Inserting data into ClickHouse in large batches is a best practice. It saves compute cycles and disk I/O, and therefore it saves money. If your usecase allows you to batch your inserts external to ClickHouse, then that is one option. If you would like ClickHouse to create the batches, then you can use the asynchronous INSERT mode described here.
Use asynchronous inserts as an alternative to both batching data on the client-side and keeping the insert rate at around one insert query per second by enabling the async_insert setting. This causes ClickHouse to handle the batching on the server-side.
By default, ClickHouse is writing data synchronously. Each insert sent to ClickHouse causes ClickHouse to immediately create a part containing the data from the insert. This is the default behavior when the async_insert setting is set to its default value of 0:
By setting async_insert to 1, ClickHouse first stores the incoming inserts into an in-memory buffer before flushing them regularly to disk.

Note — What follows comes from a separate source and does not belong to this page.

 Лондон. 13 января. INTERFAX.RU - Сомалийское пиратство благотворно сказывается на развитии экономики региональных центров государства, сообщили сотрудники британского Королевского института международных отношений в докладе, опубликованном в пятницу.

There are two possible conditions that can cause ClickHouse to flush the buffer to disk:
- buffer size has reached N KB in size (N is configurable via async_insert_max_data_size)

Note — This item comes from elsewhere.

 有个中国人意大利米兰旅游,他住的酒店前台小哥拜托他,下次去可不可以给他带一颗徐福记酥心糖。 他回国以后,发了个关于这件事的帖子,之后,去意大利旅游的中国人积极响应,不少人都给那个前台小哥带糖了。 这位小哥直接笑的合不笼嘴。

- at least N ms has passed since the last buffer flush (N is configurable via async_insert_busy_timeout_ms)
Everytime any of the conditions above are met, ClickHouse will flush its in-memory buffer to disk.
Your data is available for read queries once the data is written to a part on storage. Keep this in mind for when you want to modify the
async_insert_busy_timeout_ms (set as 1 second by default) or the
async_insert_max_data_size (set as 1 MB by default) settings.
With the wait_for_async_insert setting, you can configure if you want an insert statement to return with an acknowledgment either immediately after the data got inserted into the buffer (wait_for_async_insert = 0) or by default, after the data got written to a part after flushing from buffer (wait_for_async_insert = 1).
The following two diagrams illustrate the two settings for async_insert and wait_for_async_insert:
Enabling asynchronous inserts
Asynchronous inserts can be enabled for a particular user, or for a specific query:
Enabling asynchronous inserts at the user level. This example uses the user
default, if you create a different user then substitute that username:
ALTER USER default SETTINGS async_insert = 1
You can specify the asynchronous insert settings by using the SETTINGS clause of insert queries:
INSERT INTO YourTable SETTINGS async_insert=1, wait_for_async_insert=1 VALUES (...)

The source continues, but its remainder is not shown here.